> _What is expected_
Could you retype the lines below, starting at the line holding "The combination of" and stopping at the line holding "태풍 할롱 경로가 예상과 달리 한반도가 아닌 일본으로 북상 중이다.", inclusive? Copy them exactly and drop the images.

> _The data_

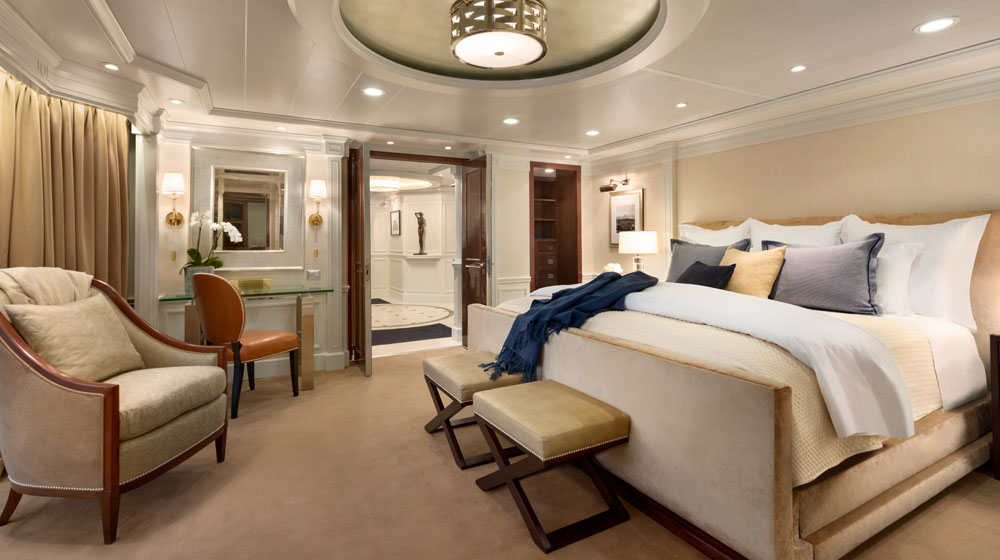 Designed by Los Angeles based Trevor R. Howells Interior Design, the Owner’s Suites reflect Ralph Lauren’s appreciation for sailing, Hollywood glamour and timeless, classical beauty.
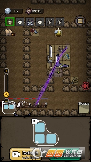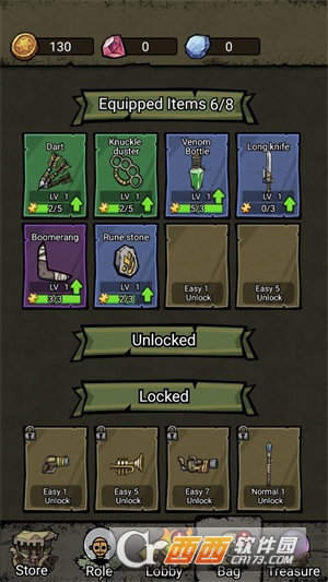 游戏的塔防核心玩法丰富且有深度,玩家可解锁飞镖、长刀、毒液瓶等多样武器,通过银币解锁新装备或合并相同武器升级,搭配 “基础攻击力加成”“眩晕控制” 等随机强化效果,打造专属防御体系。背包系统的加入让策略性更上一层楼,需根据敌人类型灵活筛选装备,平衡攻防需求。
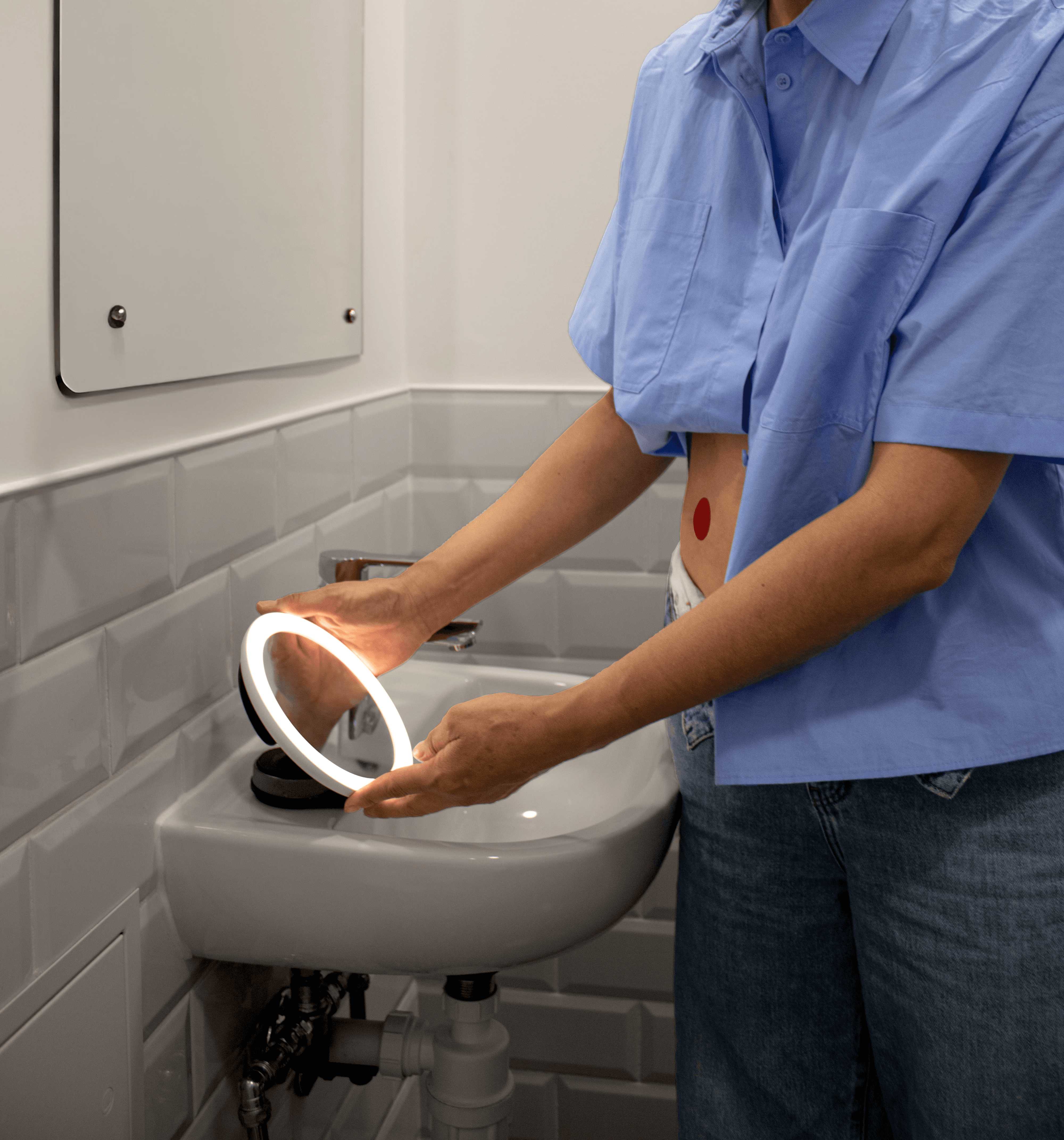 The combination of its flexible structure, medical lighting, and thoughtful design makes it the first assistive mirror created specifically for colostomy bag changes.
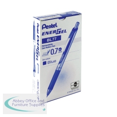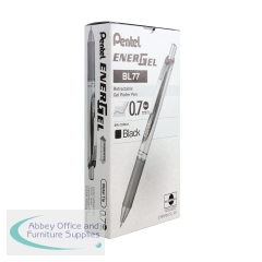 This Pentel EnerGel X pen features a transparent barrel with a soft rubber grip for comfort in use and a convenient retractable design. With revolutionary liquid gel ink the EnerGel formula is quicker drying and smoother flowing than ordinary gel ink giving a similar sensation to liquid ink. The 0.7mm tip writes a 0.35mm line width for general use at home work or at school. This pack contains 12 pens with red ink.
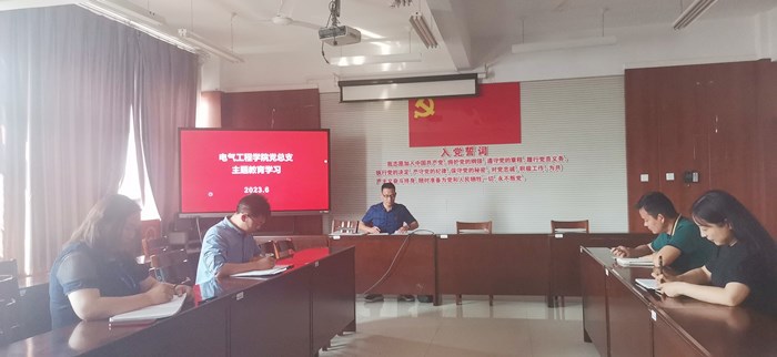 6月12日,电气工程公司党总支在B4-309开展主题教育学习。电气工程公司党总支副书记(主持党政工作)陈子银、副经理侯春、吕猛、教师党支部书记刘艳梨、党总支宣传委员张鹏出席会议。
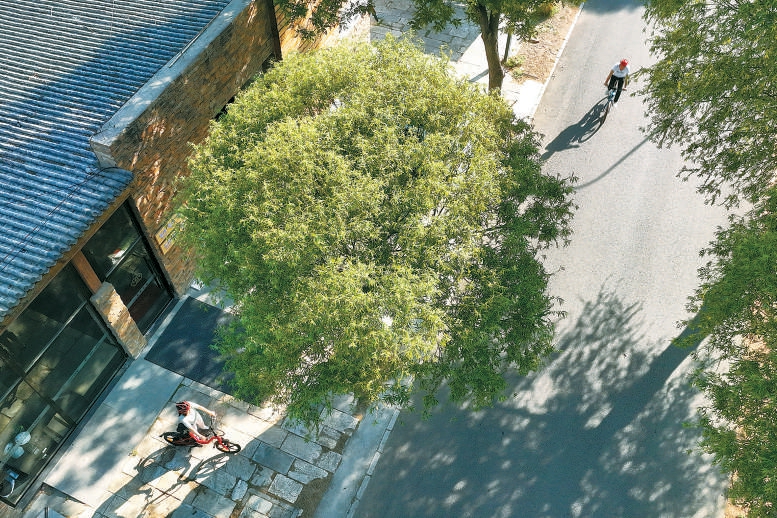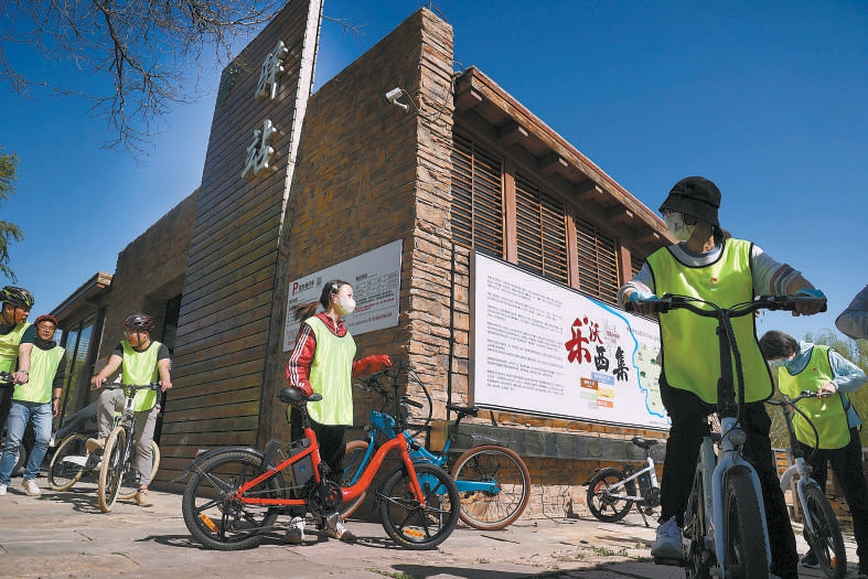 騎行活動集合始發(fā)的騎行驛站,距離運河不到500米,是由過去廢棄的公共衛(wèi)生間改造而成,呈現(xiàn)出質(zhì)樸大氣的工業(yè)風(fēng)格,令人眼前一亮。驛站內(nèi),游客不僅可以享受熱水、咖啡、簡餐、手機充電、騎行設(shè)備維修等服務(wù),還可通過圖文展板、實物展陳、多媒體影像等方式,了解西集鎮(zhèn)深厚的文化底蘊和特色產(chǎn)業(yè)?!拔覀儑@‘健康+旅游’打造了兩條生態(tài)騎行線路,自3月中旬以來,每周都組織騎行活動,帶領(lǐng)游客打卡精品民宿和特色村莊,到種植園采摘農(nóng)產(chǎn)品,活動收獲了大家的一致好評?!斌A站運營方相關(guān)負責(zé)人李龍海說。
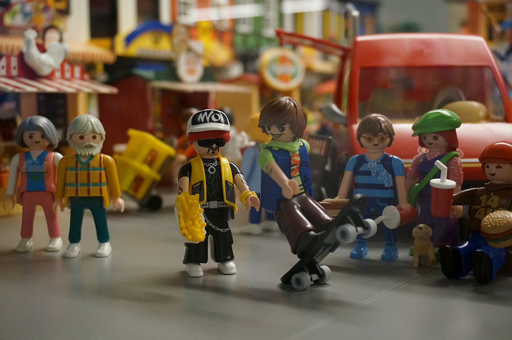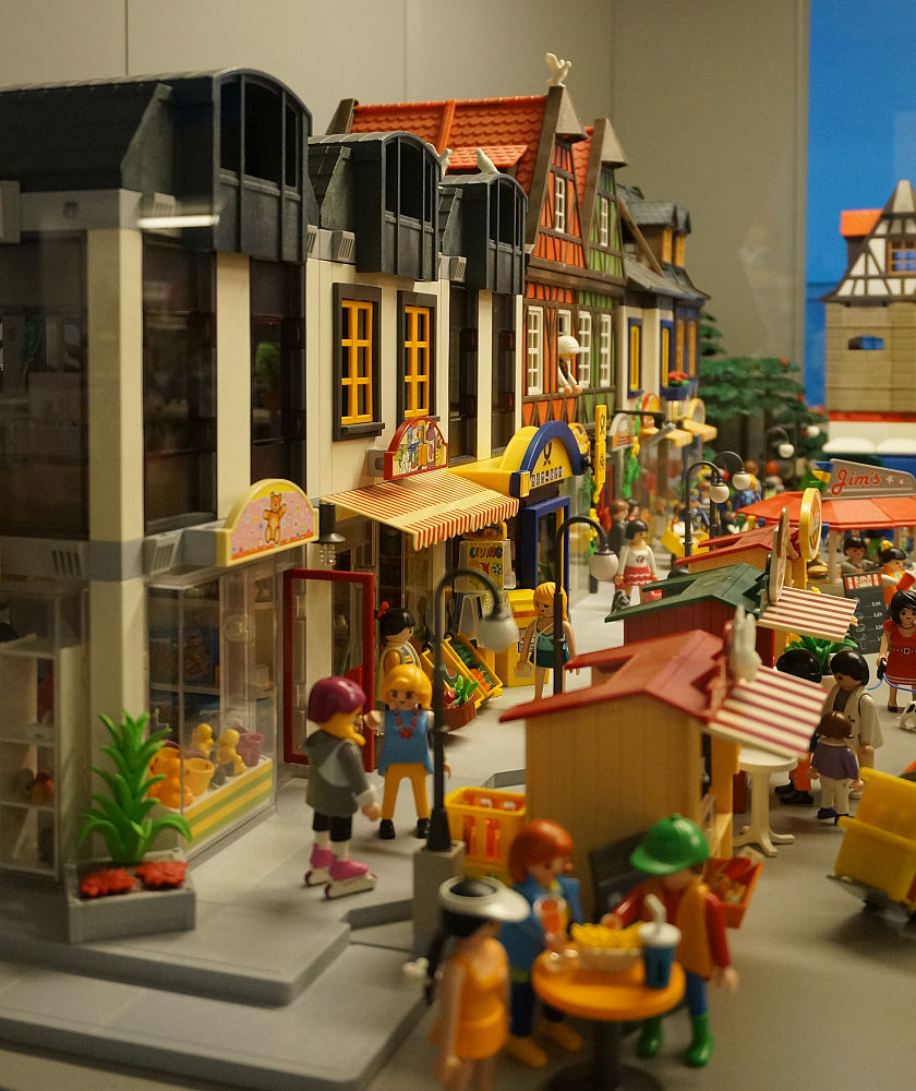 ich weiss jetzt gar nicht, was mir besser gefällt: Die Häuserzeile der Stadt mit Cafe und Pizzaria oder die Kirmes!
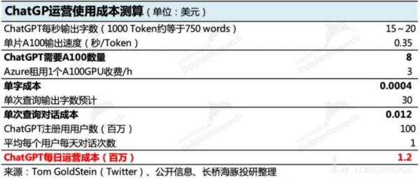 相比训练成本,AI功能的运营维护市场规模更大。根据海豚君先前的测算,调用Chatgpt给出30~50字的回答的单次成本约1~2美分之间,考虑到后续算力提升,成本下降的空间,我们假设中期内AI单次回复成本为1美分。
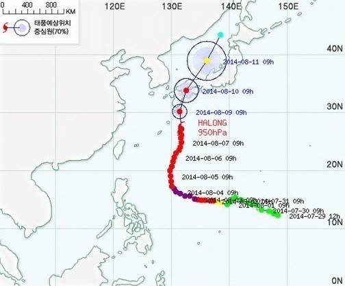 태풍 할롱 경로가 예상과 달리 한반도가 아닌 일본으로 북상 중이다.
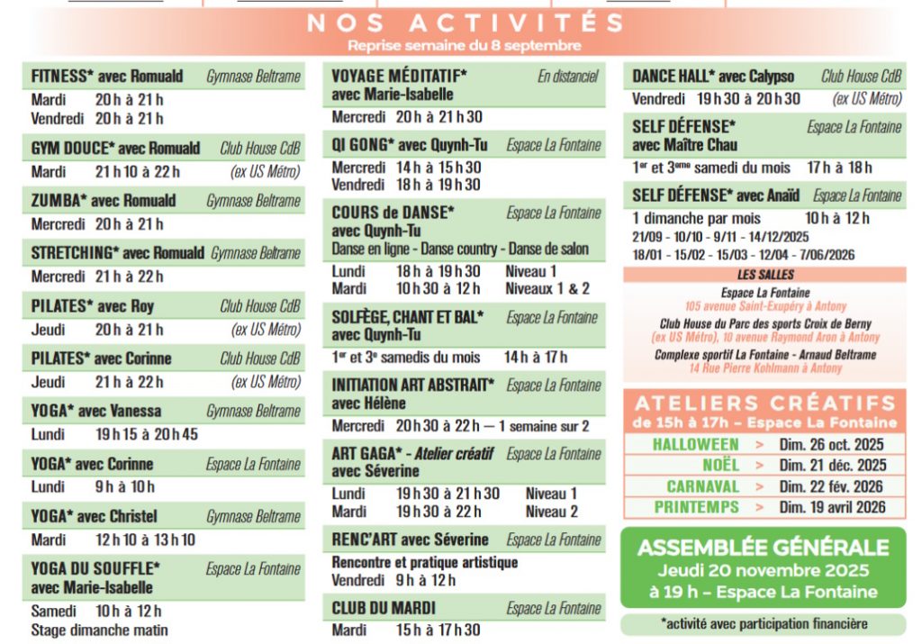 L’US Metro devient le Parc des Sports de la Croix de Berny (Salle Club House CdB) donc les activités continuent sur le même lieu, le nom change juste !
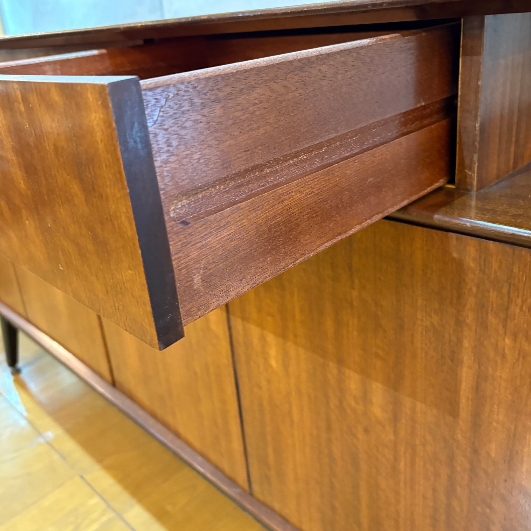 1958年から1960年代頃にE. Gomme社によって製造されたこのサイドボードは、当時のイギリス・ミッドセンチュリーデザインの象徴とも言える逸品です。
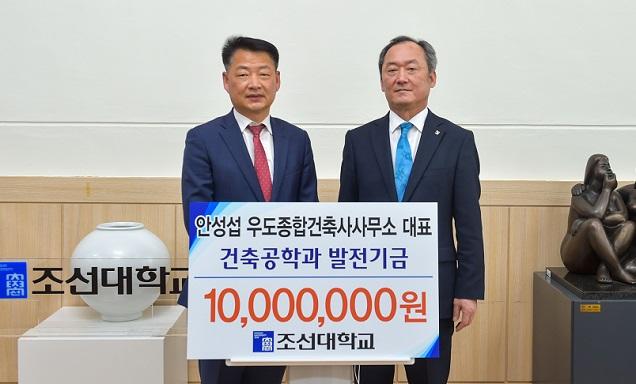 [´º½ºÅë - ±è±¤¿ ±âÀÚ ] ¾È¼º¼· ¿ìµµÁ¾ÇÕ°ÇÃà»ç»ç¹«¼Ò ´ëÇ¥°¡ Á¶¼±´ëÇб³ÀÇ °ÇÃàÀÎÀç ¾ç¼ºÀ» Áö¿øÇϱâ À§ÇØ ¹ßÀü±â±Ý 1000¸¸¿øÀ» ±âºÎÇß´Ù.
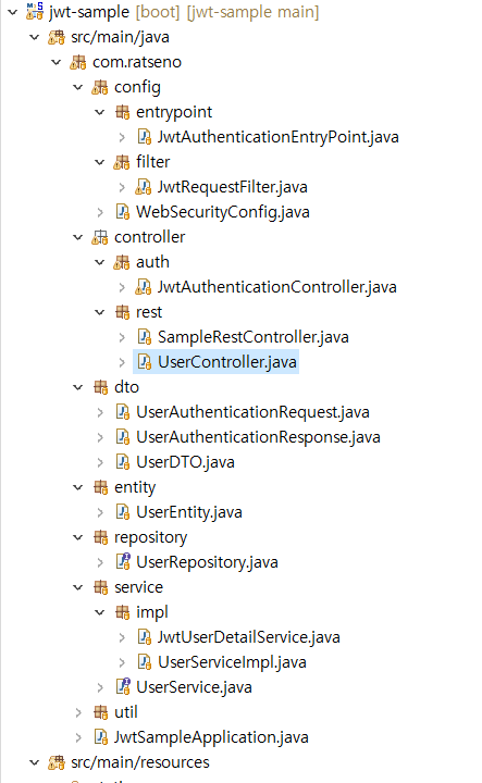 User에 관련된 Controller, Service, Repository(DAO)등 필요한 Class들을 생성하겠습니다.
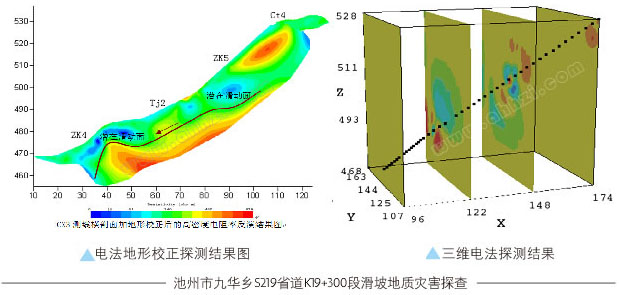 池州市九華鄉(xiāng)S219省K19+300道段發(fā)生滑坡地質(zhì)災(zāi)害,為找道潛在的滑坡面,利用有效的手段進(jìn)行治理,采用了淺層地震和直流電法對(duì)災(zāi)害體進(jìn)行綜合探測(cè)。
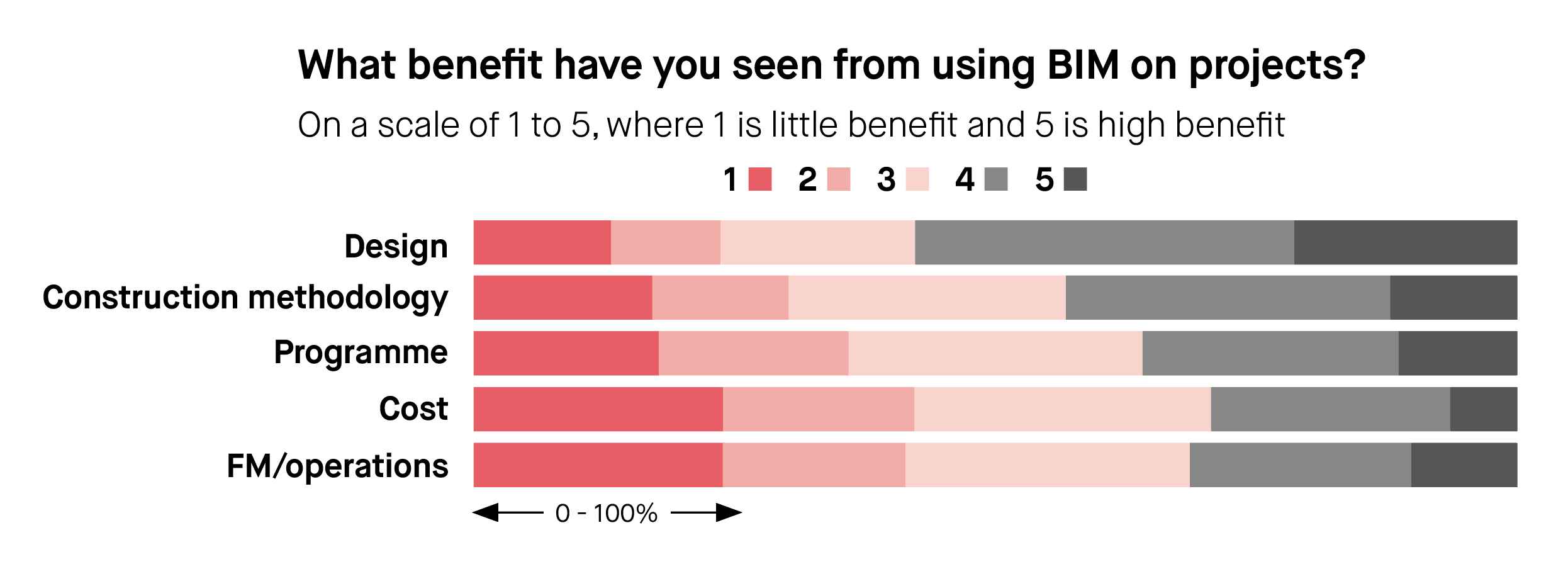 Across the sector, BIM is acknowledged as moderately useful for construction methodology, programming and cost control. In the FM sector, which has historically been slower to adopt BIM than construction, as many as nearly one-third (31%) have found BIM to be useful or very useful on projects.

> _Written solution_
 The combination of its flexible structure, medical lighting, and thoughtful design makes it the first assistive mirror created specifically for colostomy bag changes.
 This Pentel EnerGel X pen features a transparent barrel with a soft rubber grip for comfort in use and a convenient retractable design. With revolutionary liquid gel ink the EnerGel formula is quicker drying and smoother flowing than ordinary gel ink giving a similar sensation to liquid ink. The 0.7mm tip writes a 0.35mm line width for general use at home work or at school. This pack contains 12 pens with red ink.
 6月12日,电气工程公司党总支在B4-309开展主题教育学习。电气工程公司党总支副书记(主持党政工作)陈子银、副经理侯春、吕猛、教师党支部书记刘艳梨、党总支宣传委员张鹏出席会议。
 騎行活動集合始發(fā)的騎行驛站,距離運河不到500米,是由過去廢棄的公共衛(wèi)生間改造而成,呈現(xiàn)出質(zhì)樸大氣的工業(yè)風(fēng)格,令人眼前一亮。驛站內(nèi),游客不僅可以享受熱水、咖啡、簡餐、手機充電、騎行設(shè)備維修等服務(wù),還可通過圖文展板、實物展陳、多媒體影像等方式,了解西集鎮(zhèn)深厚的文化底蘊和特色產(chǎn)業(yè)?!拔覀儑@‘健康+旅游’打造了兩條生態(tài)騎行線路,自3月中旬以來,每周都組織騎行活動,帶領(lǐng)游客打卡精品民宿和特色村莊,到種植園采摘農(nóng)產(chǎn)品,活動收獲了大家的一致好評?!斌A站運營方相關(guān)負責(zé)人李龍海說。
 ich weiss jetzt gar nicht, was mir besser gefällt: Die Häuserzeile der Stadt mit Cafe und Pizzaria oder die Kirmes!
 相比训练成本,AI功能的运营维护市场规模更大。根据海豚君先前的测算,调用Chatgpt给出30~50字的回答的单次成本约1~2美分之间,考虑到后续算力提升,成本下降的空间,我们假设中期内AI单次回复成本为1美分。
 태풍 할롱 경로가 예상과 달리 한반도가 아닌 일본으로 북상 중이다.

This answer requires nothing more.